__GIVEN DATA__
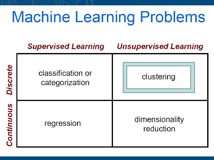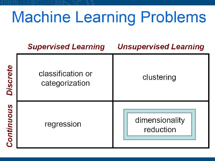 Dimensionality reduction • Principal component analysis (PCA) is the most important technique to know. It takes advantage of correlations in data dimensions to produce the best possible lower dimensional representation, according to reconstruction error. • PCA should be used for dimensionality reduction, not for discovering patterns or making predictions. Don't try to assign semantic meaning to the bases. • Independent component analysis (ICA), Locally liner embedding (LLE), Isometric mapping (Isomap), …
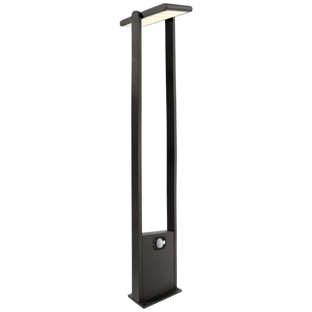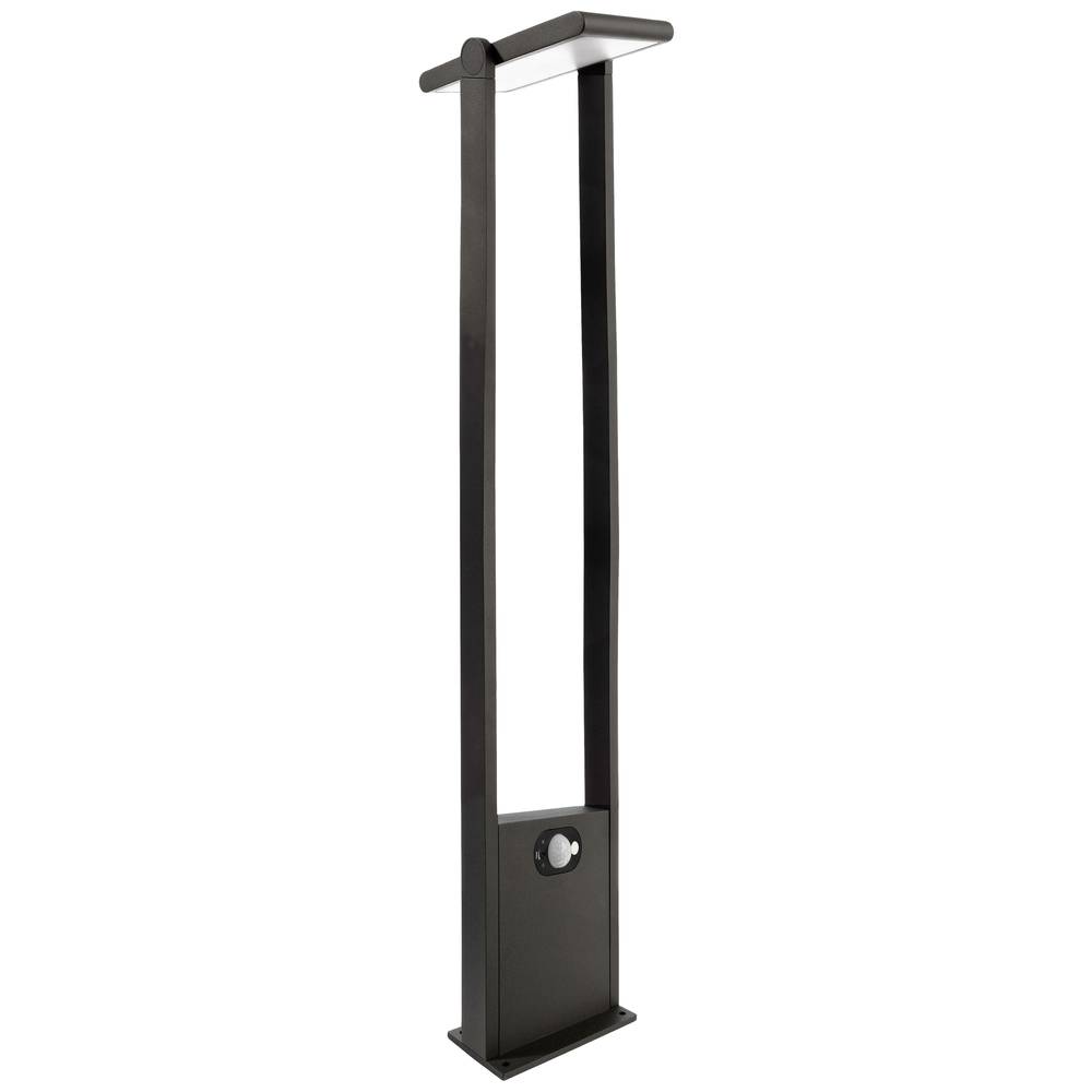 Műszaki adatok: 2021-es energiahatékonysági osztályok: n.rel. · Anyag: Alumínium, Műanyag · Beállítható világítási időtartam, max.: 8 perc · Beállítható világítási időtartam, min.: 8 mp · Foglalat: Fixen beépített LED-es · Forgási tartomány, max.: 180 ° · Fényforrás típus: LED · Fényforrások száma: 1 · Fényszín: 3200 K · Fényszín (fényforrás): Melegfehér · Fényáram összesen: 170 lm · Gyártói szín: Sötétszürke · Helyiség: Terasz/ülősarok, Ház/garázs, Járda megvilágítás, Hangulatos kertvilágítás · Lámpa jellemzők: Mozgásérzékelővel · Méret, hossz: 200 mm · Méret, magasság: 1000 mm · Méret, szélesség: 151 mm · Stílus: Modern/dizájn · Súly: 5120 g · Teljesítmény: 1.6 W · Védelmi osztály: III · Védelmi típus: IP54 · Vízszintes látószög: 120 ° · Észlelési szélesség, max.: 10 m · Üzemi feszültség: 3.7 V
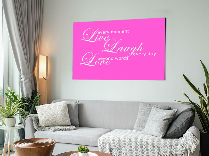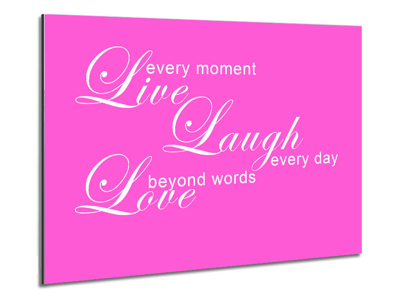 Love Quote Live Every Moment 3 Vivid Pink Printed on brushed aluminium dibond. A modern way to display art and easy to maintain.

__ACTIVITY__
The material above should be returned exactly, without pictures.

__TASK SOLUTION__
 Dimensionality reduction • Principal component analysis (PCA) is the most important technique to know. It takes advantage of correlations in data dimensions to produce the best possible lower dimensional representation, according to reconstruction error. • PCA should be used for dimensionality reduction, not for discovering patterns or making predictions. Don't try to assign semantic meaning to the bases. • Independent component analysis (ICA), Locally liner embedding (LLE), Isometric mapping (Isomap), …
 Műszaki adatok: 2021-es energiahatékonysági osztályok: n.rel. · Anyag: Alumínium, Műanyag · Beállítható világítási időtartam, max.: 8 perc · Beállítható világítási időtartam, min.: 8 mp · Foglalat: Fixen beépített LED-es · Forgási tartomány, max.: 180 ° · Fényforrás típus: LED · Fényforrások száma: 1 · Fényszín: 3200 K · Fényszín (fényforrás): Melegfehér · Fényáram összesen: 170 lm · Gyártói szín: Sötétszürke · Helyiség: Terasz/ülősarok, Ház/garázs, Járda megvilágítás, Hangulatos kertvilágítás · Lámpa jellemzők: Mozgásérzékelővel · Méret, hossz: 200 mm · Méret, magasság: 1000 mm · Méret, szélesség: 151 mm · Stílus: Modern/dizájn · Súly: 5120 g · Teljesítmény: 1.6 W · Védelmi osztály: III · Védelmi típus: IP54 · Vízszintes látószög: 120 ° · Észlelési szélesség, max.: 10 m · Üzemi feszültség: 3.7 V
 Love Quote Live Every Moment 3 Vivid Pink Printed on brushed aluminium dibond. A modern way to display art and easy to maintain.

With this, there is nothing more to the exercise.